The origin of the name Brandenburg is believed to be West Slavic "Brani Boru", meaning "War Forest".

History

In late medieval and early modern times, Brandenburg was one of seven electoral states of the Holy Roman Empire, and, along with Prussia, formed the original core of the German Empire, the first unified German state. Governed by the Hohenzollern dynasty from 1415, it contained the future German capital Berlin. After 1618 the Margraviate of Brandenburg and the Duchy of Prussia were combined to form Brandenburg-Prussia, which was ruled by the same branch of the House of Hohenzollern. In 1701 the state was elevated as the Kingdom of Prussia. Franconian Nuremberg and Ansbach, Swabian Hohenzollern, the eastern European connections of Berlin, and the status of Brandenburg's ruler as prince-elector together were instrumental in the rise of that state.

Early Middle Ages

Brandenburg is situated in territory known in antiquity as Magna Germania, which reached to the Vistula river. By the 7th century, Slavic peoples are believed to have settled in the Brandenburg area. The Slavs expanded from the east, possibly driven from their homelands in present-day Ukraine and perhaps Belarus by the invasions of the Huns and Avars. They relied heavily on river transport. The two principal Slavic groups in the present-day area of Brandenburg were the Hevelli in the west and the Sprevane in the east.

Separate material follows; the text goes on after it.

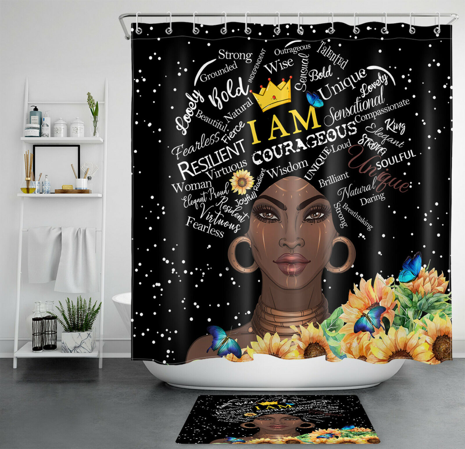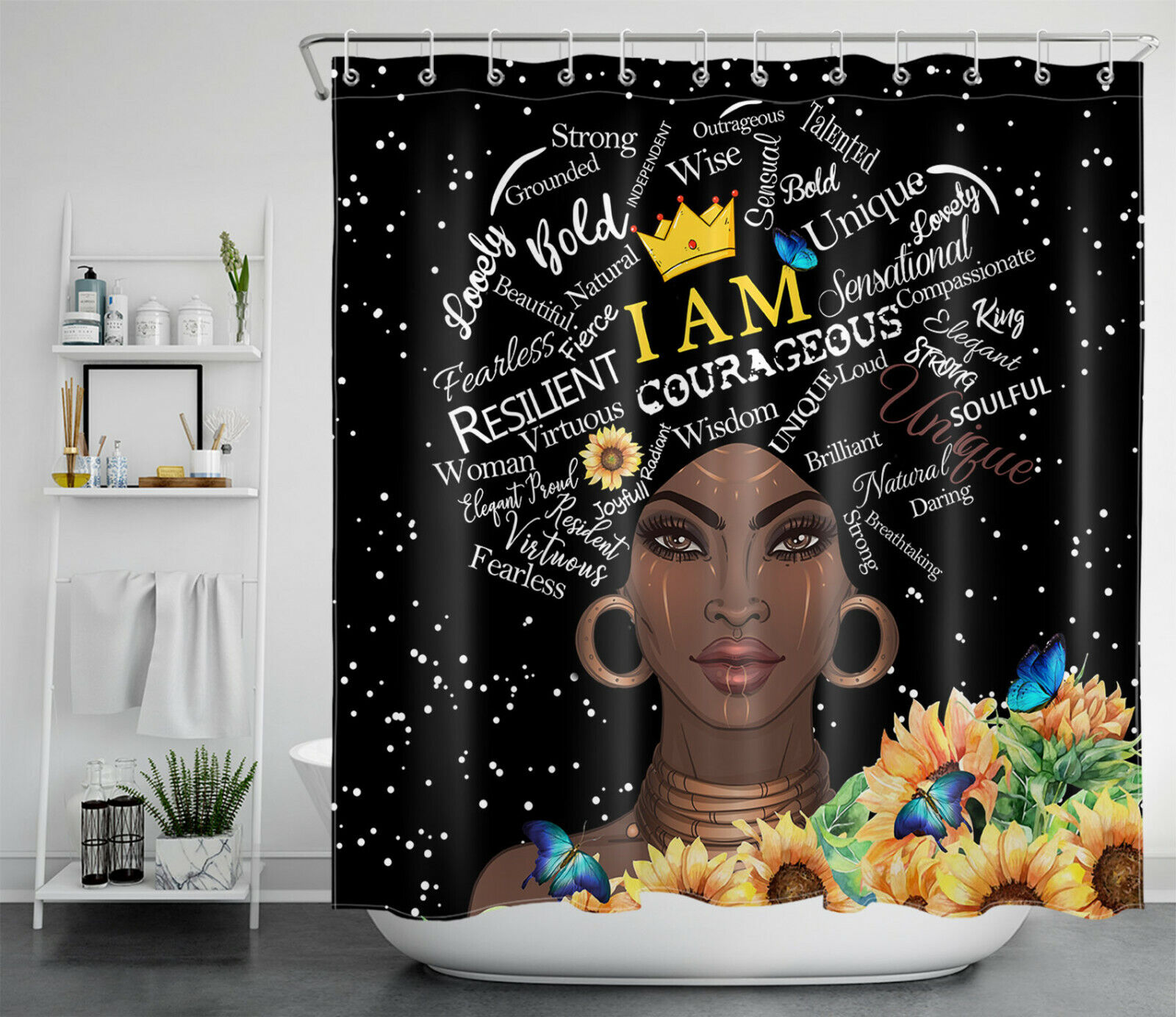 This shower curtain is the perfect way to add a touch of African flair to your bathroom. It is also a great way to celebrate the beauty and strength of African-American women. The vibrant colors and patterns will brighten up any bathroom, and the inspirational message will leave you feeling empowered every time you take a shower.

Beginning in the early 10th century, Henry the Fowler and his successors conquered territory up to the Oder River. Slavic settlements such as Brenna (Brandenburg an der Havel), Budusin (Bautzen), and Chośebuz (Cottbus) came under imperial control through the installation of margraves. Their main function was to defend and protect the eastern marches. In 948 Emperor Otto I established margraves to exert imperial control over the pagan Slavs west of the Oder River. Otto founded the Bishoprics of Brandenburg and Havelberg. The Northern March was founded as a northeastern border territory of the Holy Roman Empire. However, a great uprising of Wends drove imperial forces from the territory of present-day Brandenburg in 983. The region returned to the control of Slavic leaders.

Late Middle Ages

During the 12th century, the German kings and emperors re-established control over the mixed Slav-inhabited lands of present-day Brandenburg, although some Slavs like the Sorbs in Lusatia adapted to Germanization while retaining their distinctiveness. The Roman Catholic Church brought bishoprics which, with their walled towns, afforded protection from attacks for the townspeople. With the monks and bishops, the history of the town of Brandenburg an der Havel, which was the first center of the state of Brandenburg, began.

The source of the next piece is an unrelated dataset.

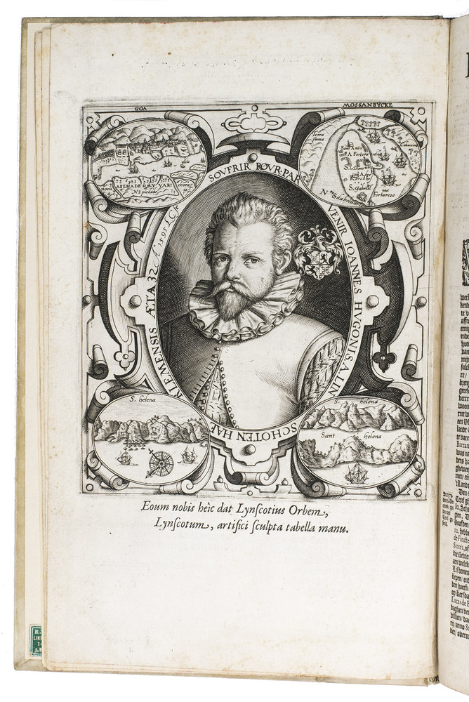 Jan Huygen van Linschoten (1563-1611), merchant, adventurer and explorer, left his birthplace Enkhuizen in December 1576 to join his brothers in Seville. He spent six years on the Iberian peninsula, eventually taking employment with a merchant in Lisbon. There he came into the service of the newly appointed Archbishop of Goa, the capital of Portuguese India, Vincente de Fonesca. He set sail with the Archbishop for Goa in April 1583. Linschoten was in Goa for more than five years as secretary to De Fonesca, in which capacity he not only had easily access to many Portuguese portolans as well as other sensitive commercial information, much of which he copied, but he also travelled throughout the Malabar and Coromandel coastal regions. He left Goa for Lisbon in January 1589. His voyage, however, was not smooth: his ship was pursued by the English fleet and lost its cargo in a storm. After the loss of the cargo Linschoten was persuaded to stay and help to try to recover it and spent two years on Terceira, in the Azores, working and exploring. Linschoten eventually arrived in Lisbon early in 1592 and after having settled his affairs there, he set sail for the Netherlands.

In 1134, in the wake of a German crusade against the Wends, the German magnate, Albert the Bear, was granted the Northern March by the Emperor Lothar III. He formally inherited the town of Brandenburg and the lands of the Hevelli from their last Wendish ruler, Pribislav, in 1150. After crushing a force of Sprevane who occupied the town of Brandenburg in the 1150s, Albert proclaimed himself ruler of the new Margraviate of Brandenburg. Albert, and his descendants the Ascanians, then made considerable progress in conquering, colonizing, Christianizing, and cultivating lands as far east as the Oder. Within this region, Slavic and German residents intermarried. During the 13th century, the Ascanians began acquiring territory east of the Oder, later known as the Neumark (see also Altmark).

In 1320, the Brandenburg Ascanian line came to an end, and from 1323 up until 1415 Brandenburg was under the control of the Wittelsbachs of Bavaria, followed by the Luxembourg Dynasties. Under the Luxembourgs, the Margrave of Brandenburg gained the status of a prince-elector of the Holy Roman Empire. In the period 1373–1415, Brandenburg was a part of the Bohemian Crown. In 1415, the Electorate of Brandenburg was granted by Emperor Sigismund to the House of Hohenzollern, which would rule until the end of World War I. The Hohenzollerns established their capital in Berlin, by then the economic center of Brandenburg.

16th and 17th centuries

Brandenburg converted to Protestantism in 1539 in the wake of the Protestant Reformation, and generally did quite well in the 16th century, with the expansion of trade along the Elbe, Havel, and Spree rivers. The Hohenzollerns expanded their territory by co-rulership since 1577 and acquiring the Duchy of Prussia in 1618, the Duchy of Cleves (1614) in the Rhineland, and territories in Westphalia. The result was a sprawling, disconnected country known as Brandenburg-Prussia that was in poor shape to defend itself during the Thirty Years' War.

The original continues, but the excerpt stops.